Er komt hier nog een andere kwestie om de hoek kijken. Wie een attestatie uit een ander kerkverband zonder meer aanvaardt of zonder nader onderzoek een attestatie naar een ander kerkverband afgeeft, erkent daarmee de facto dat het een ieder vrij staat het kerkverband te verlaten, als dat hem of haar goed uitkomt. Maar dat gaat rechtstreeks in tegen wat kerken van de Reformatie altijd over de kerk hebben beleden. De Nederlandse Geloofsbelijdenis laat zich helder uit over de vraag hoe met het kerklidmaatschap moet worden omgegaan. Beslissend is of men de kerk waarin men – bijvoorbeeld door geboorte – een plaats heeft gekregen, kerk van Christus durft te noemen. Kort geformuleerd komt het hierop neer: wie deze vraag bevestigend beantwoordt, heeft niet het recht zijn kerk te verlaten. Wie daarentegen tot de conclusie komt dat zijn kerk dat etiket niet verdient, heeft de plicht die kerk te verlaten en zich bij die kerk aan te sluiten die wel kerk van Christus mag heten. Uit wat de kerk over zichzelf belijdt kan geen andere conclusie worden getrokken dan dat het wisselen van kerk(verband) om een andere dan een door Schrift of belijdenis gemotiveerde reden niet legitiem is. Het voorgestelde beleid ten aanzien van attestaties is daarmee duidelijk in tegenspraak. Wanneer zulk beleid werkelijkheid wordt, zou het van eerlijkheid getuigen de desbetreffende artikelen uit de Nederlandse Geloofsbelijdenis te schrappen.

Dit brengt dan direct bij het tweede voorstel: de aanvaarding van elkaars leden als gastlid. Het is op zichzelf al merkwaardig dat iemand van twee gemeenten lid wil zijn. Wat zou daarvan de reden kunnen zijn? Het is lichtelijk inconsequent dat in dit geval volgens de deputaten wèl een gesprek nodig is “over de plaats van het belijden in het persoonlijk leven van de betrokkene”, zoals PKN-scriba Arjan Plaisier het formuleert. Dat is op zich te begrijpen, maar waarom hier wel en bij een definitieve overgang door middel van een attestatie niet? Kennelijk moet hier gedacht worden aan een gastlidmaatschap dat niet de consequentie is van een tijdelijk verblijf elders, bijvoorbeeld in een plaats waar in de directe omgeving geen gemeente van het eigen kerkverband te vinden is.

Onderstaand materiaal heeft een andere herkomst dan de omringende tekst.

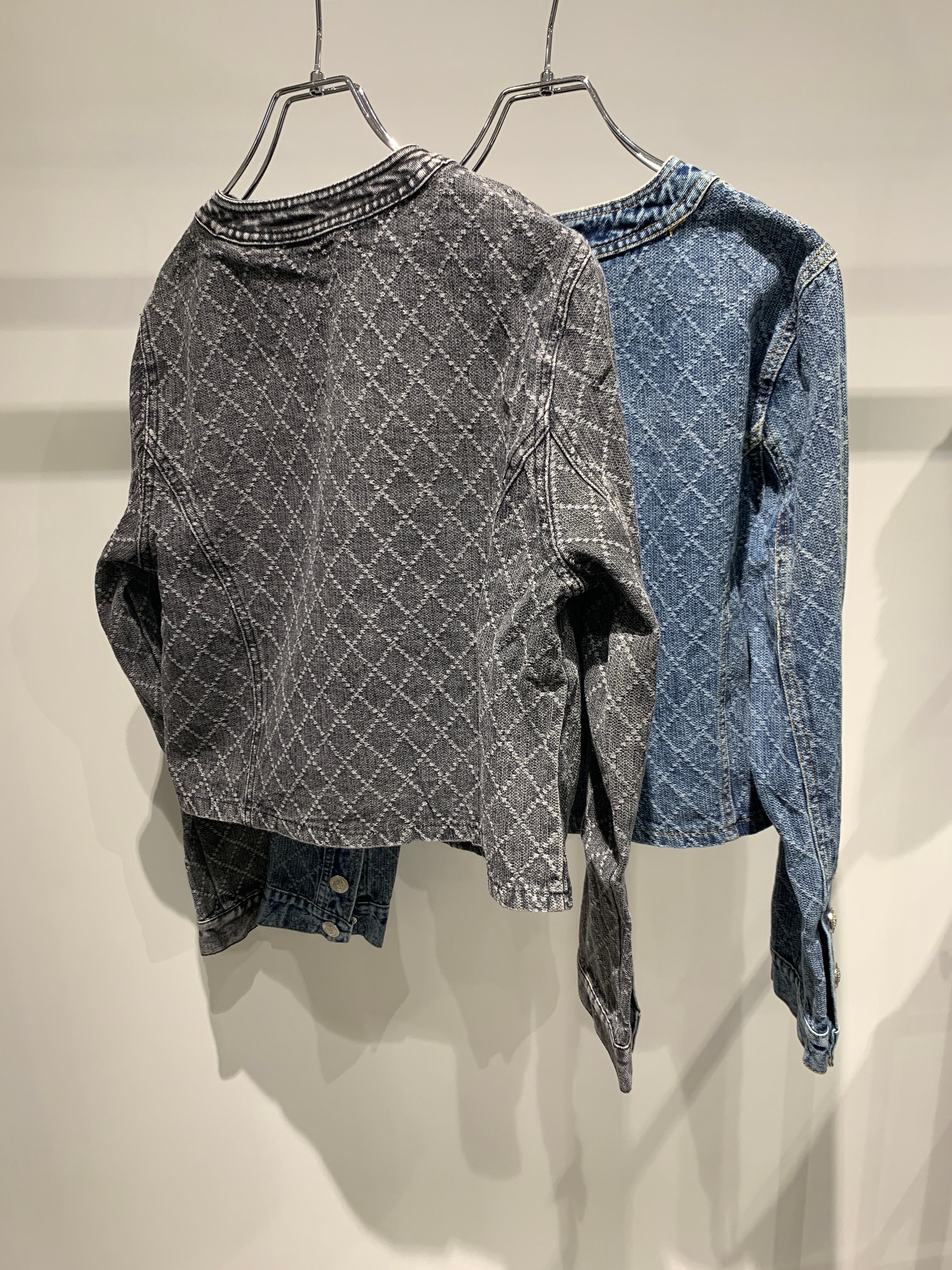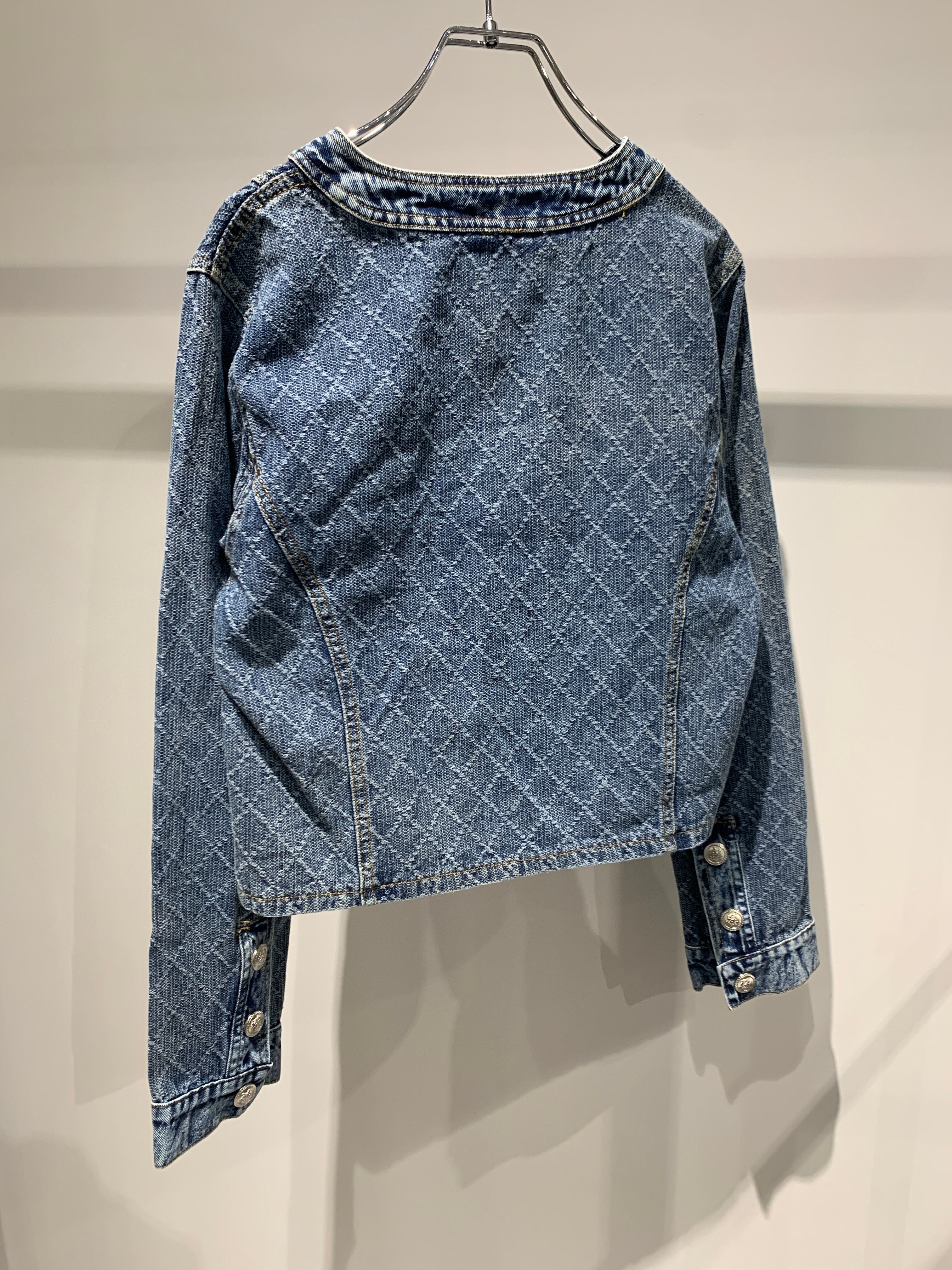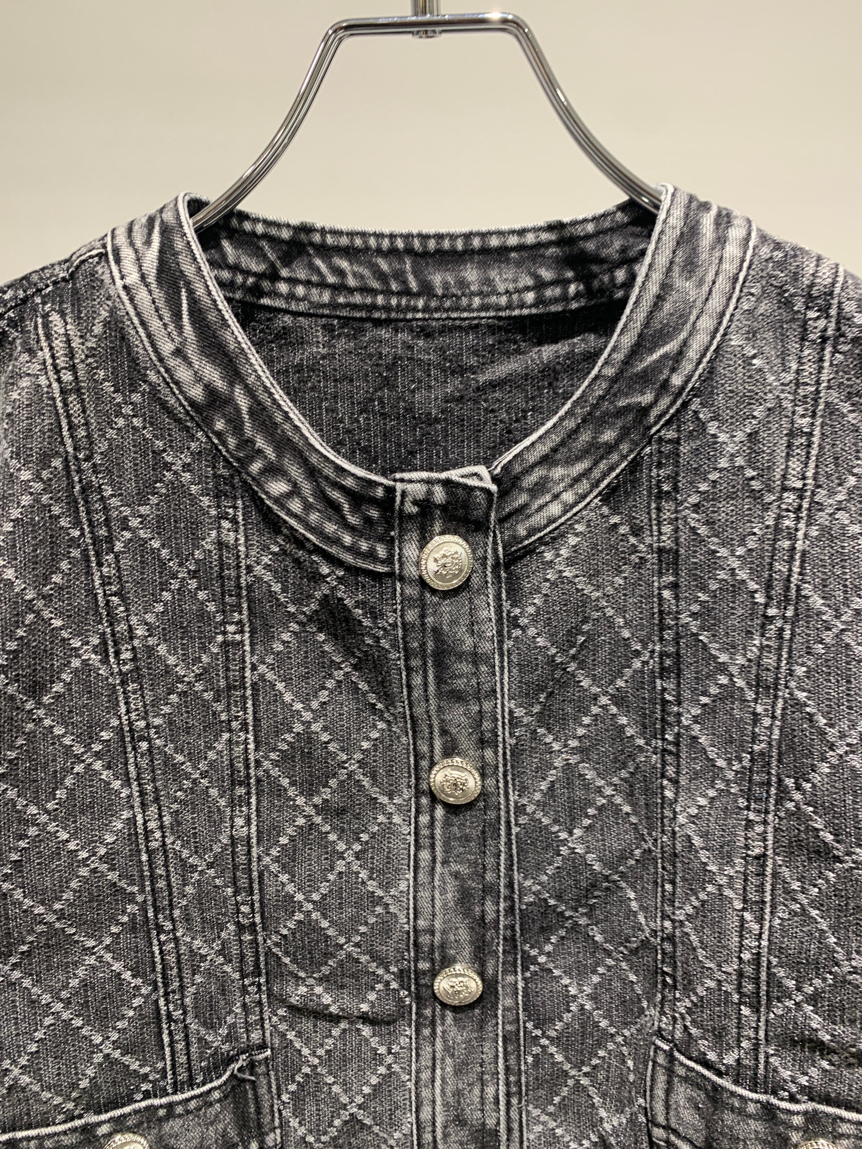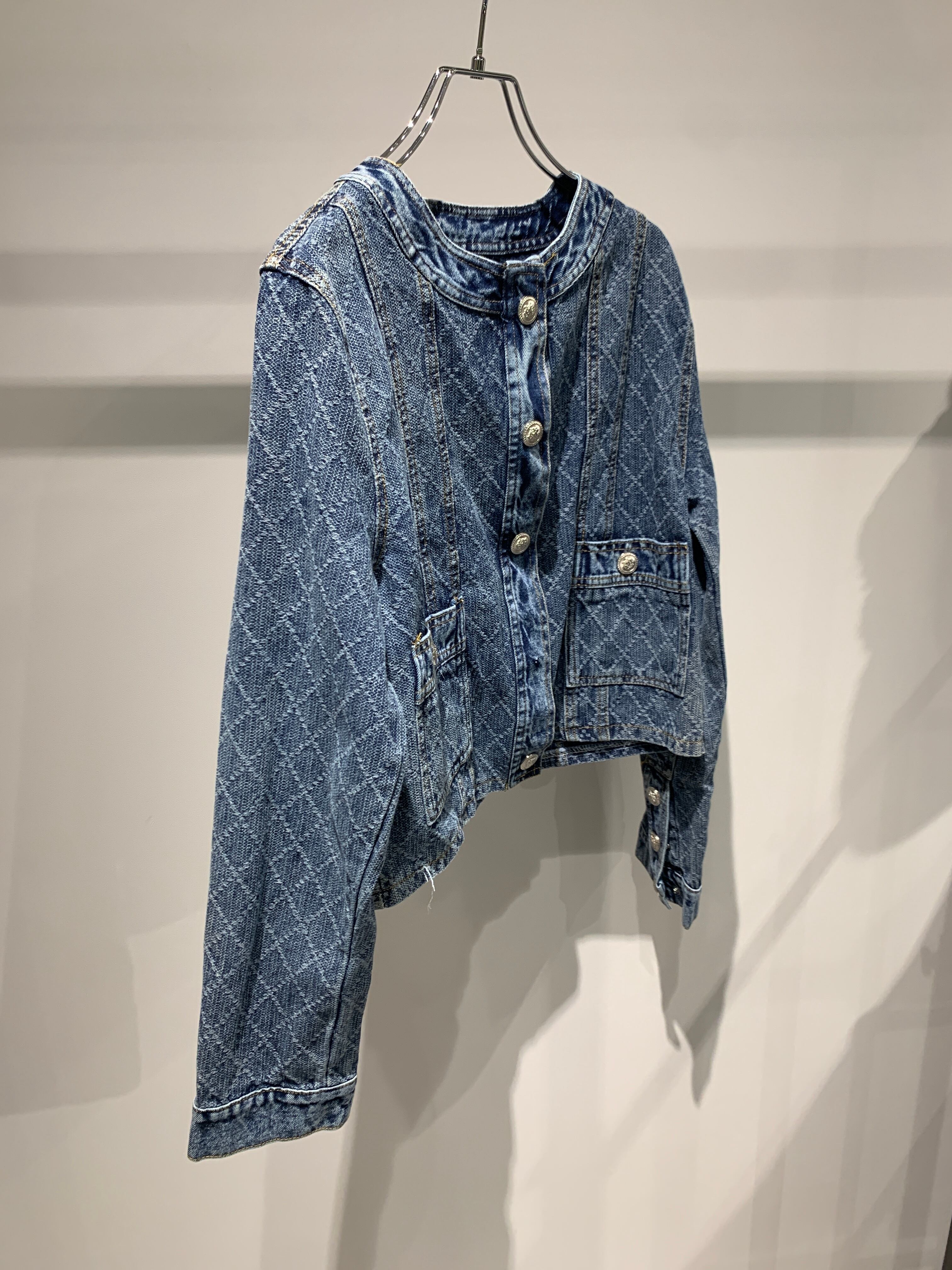 denim no collar compact jacket

Wanneer iemand gastlid van een andere gemeente wordt, zal dat in vrijwel alle gevallen een gemeente zijn van een andere snit dan de eigen gemeente. Waarom zou men er anders gastlid willen worden? Hier hebben we van doen met een ander verschijnsel dat zich in gereformeerd Nederland steeds duidelijker manifesteert: de visie op de gemeente en het gemeentelijk leven. Ik krijg de indruk dat er sprake is van een toenemende ‘onthechting’, als ik dat zo mag uitdrukken. Men bezoekt heel gemakkelijk diensten in een ander kerkverband. Men spreekt dan over ‘bijwonen’. Maar een kerkdienst woon je niet bij. De gemeenschap van de heiligen wordt te vaak vooral verbonden aan de viering van het avondmaal. Bij het proces van kerkelijke toenadering of eenwording wordt het samen vieren van het avondmaal beschouwd als het sluitstuk en een stap verder dan het houden van gezamenlijke erediensten. Dat is een vergissing. Het avondmaal is door Christus ingesteld en dus van groot gewicht, maar het is vooral een zichtbare ondersteuning van de ‘bediening van de verzoening’, de verkondiging van het evangelie die in elke eredienst centraal staat. De gemeenschap van de heiligen begint in de eredienst. Een eredienst woon je niet bij, daaraan neem je deel. Wie zich schaart onder de verkondiging van het evangelie wordt daarmee het subject van de bediening van de sleutels van het hemelrijk. Dat is dus een serieuze zaak. Kerkelijk shoppen is strijdig met de ernst van de deelname aan de eredienst. Een gastlidmaatschap gaat nog een stap verder. In het licht van het bovenstaande kan er geen plaats zijn voor gastlidmaatschap van een gemeente van een ander kerkverband.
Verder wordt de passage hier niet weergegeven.